**Raw data:**
=== Begin Enclosure ===
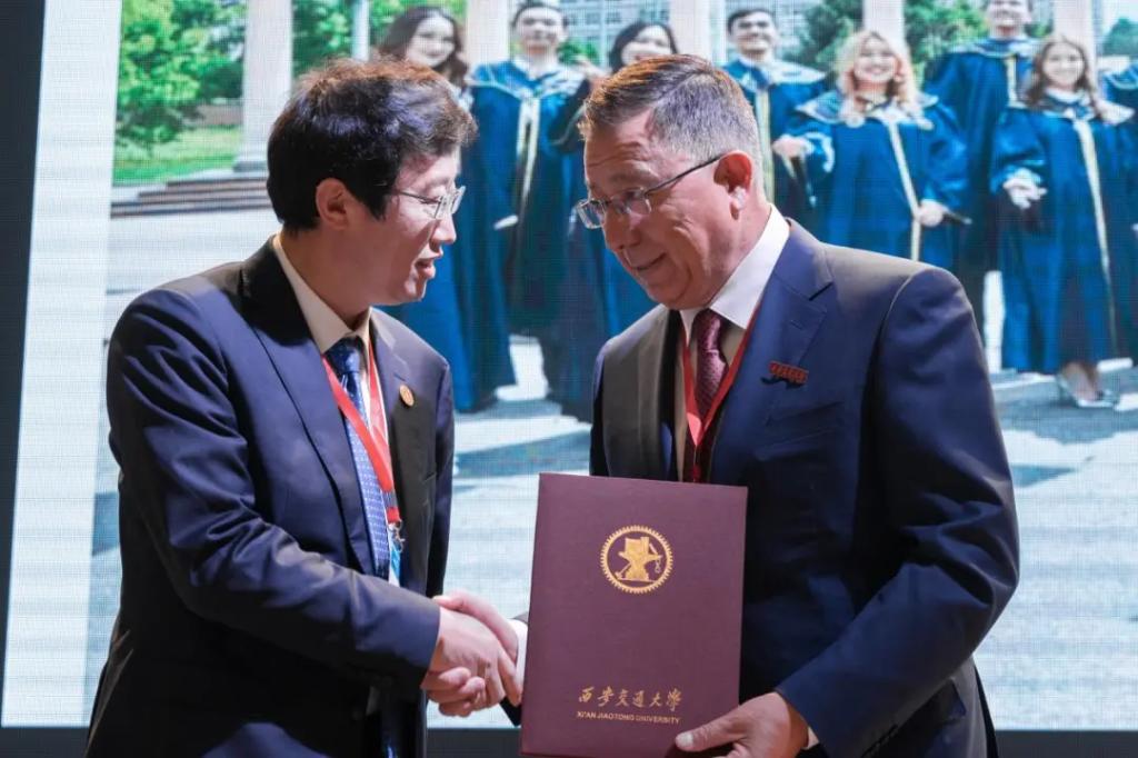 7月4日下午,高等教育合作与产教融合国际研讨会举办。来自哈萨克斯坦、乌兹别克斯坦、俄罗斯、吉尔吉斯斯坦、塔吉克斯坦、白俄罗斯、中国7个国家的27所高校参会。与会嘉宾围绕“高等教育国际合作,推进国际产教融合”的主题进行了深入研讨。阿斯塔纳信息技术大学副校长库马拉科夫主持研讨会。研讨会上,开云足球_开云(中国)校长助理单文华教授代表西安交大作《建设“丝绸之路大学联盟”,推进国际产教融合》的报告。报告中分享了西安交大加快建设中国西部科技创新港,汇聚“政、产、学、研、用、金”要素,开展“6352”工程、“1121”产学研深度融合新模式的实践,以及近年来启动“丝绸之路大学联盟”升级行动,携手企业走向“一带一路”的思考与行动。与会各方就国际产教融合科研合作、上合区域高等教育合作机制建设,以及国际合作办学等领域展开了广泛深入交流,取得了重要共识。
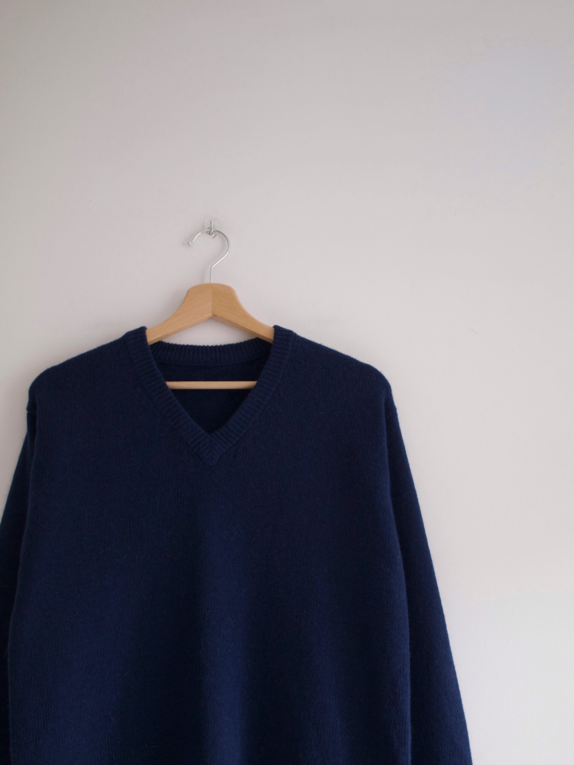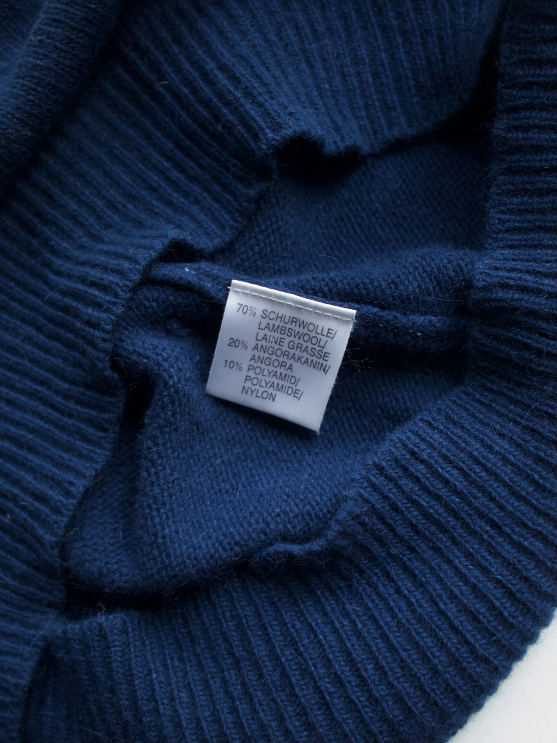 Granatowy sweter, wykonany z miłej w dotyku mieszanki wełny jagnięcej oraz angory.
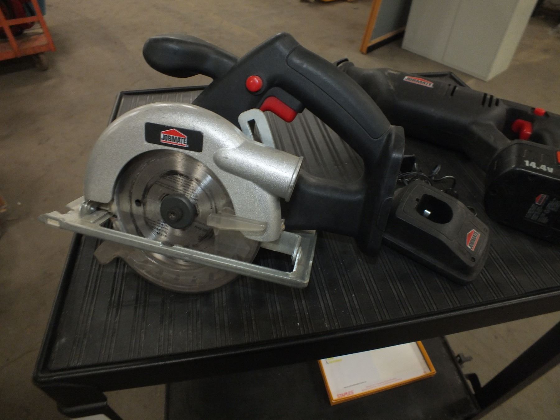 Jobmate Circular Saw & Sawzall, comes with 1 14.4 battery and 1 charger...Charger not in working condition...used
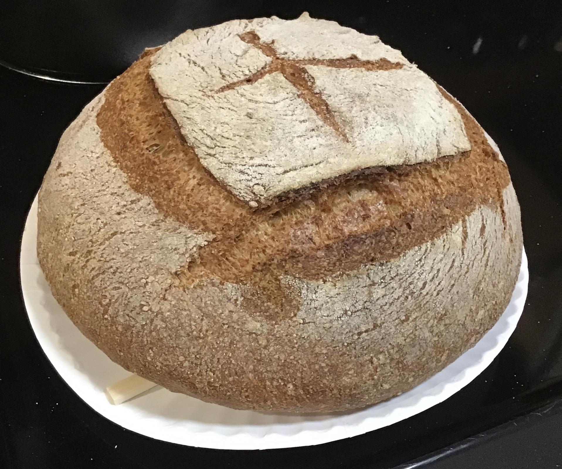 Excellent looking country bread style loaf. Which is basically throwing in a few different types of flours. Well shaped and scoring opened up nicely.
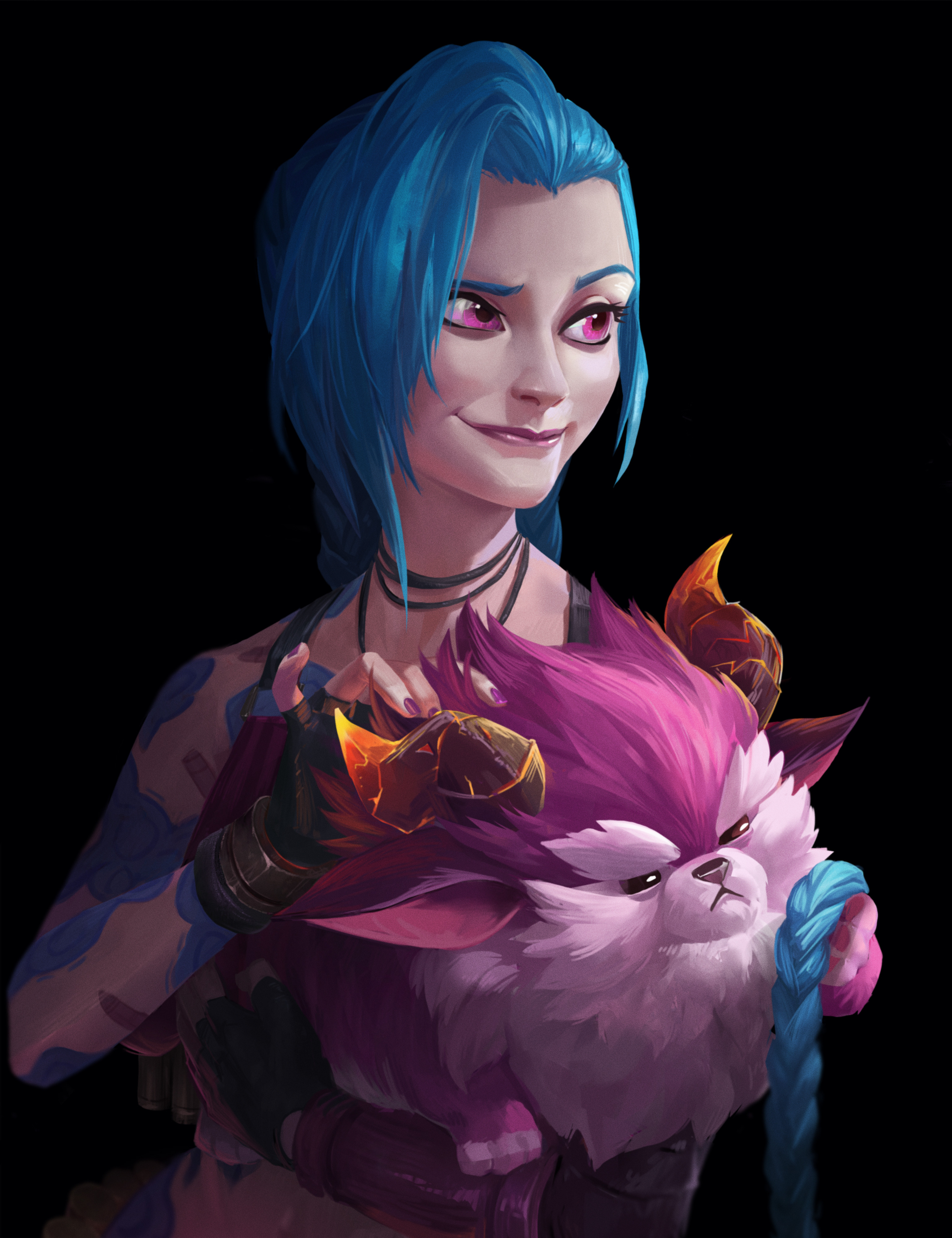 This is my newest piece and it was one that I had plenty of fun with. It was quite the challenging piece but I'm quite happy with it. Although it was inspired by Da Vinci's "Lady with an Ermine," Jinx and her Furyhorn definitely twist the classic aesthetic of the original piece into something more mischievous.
=== End Enclosure ===
=== Begin Enclosure ===
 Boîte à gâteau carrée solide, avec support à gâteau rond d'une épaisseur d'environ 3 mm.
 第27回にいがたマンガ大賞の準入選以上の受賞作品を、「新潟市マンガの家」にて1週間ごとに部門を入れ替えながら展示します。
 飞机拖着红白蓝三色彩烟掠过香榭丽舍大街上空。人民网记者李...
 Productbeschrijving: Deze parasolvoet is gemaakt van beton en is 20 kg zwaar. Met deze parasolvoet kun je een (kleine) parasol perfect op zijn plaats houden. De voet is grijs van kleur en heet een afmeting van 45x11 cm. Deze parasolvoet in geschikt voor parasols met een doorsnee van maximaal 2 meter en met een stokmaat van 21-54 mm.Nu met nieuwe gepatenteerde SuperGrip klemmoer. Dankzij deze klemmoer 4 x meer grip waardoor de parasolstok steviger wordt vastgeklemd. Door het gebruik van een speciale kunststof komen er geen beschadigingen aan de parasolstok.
=== End Enclosure ===
Extract the lines of the preceding material that run from the line with "第27回にいがたマンガ大賞の" through the line with "飞机拖着红白蓝三色彩烟掠过香榭丽舍大街上空。人民网记者李...", inclusive, reproducing them exactly and adding nothing.

**Reply to the exercise:**
 第27回にいがたマンガ大賞の準入選以上の受賞作品を、「新潟市マンガの家」にて1週間ごとに部門を入れ替えながら展示します。
 飞机拖着红白蓝三色彩烟掠过香榭丽舍大街上空。人民网记者李...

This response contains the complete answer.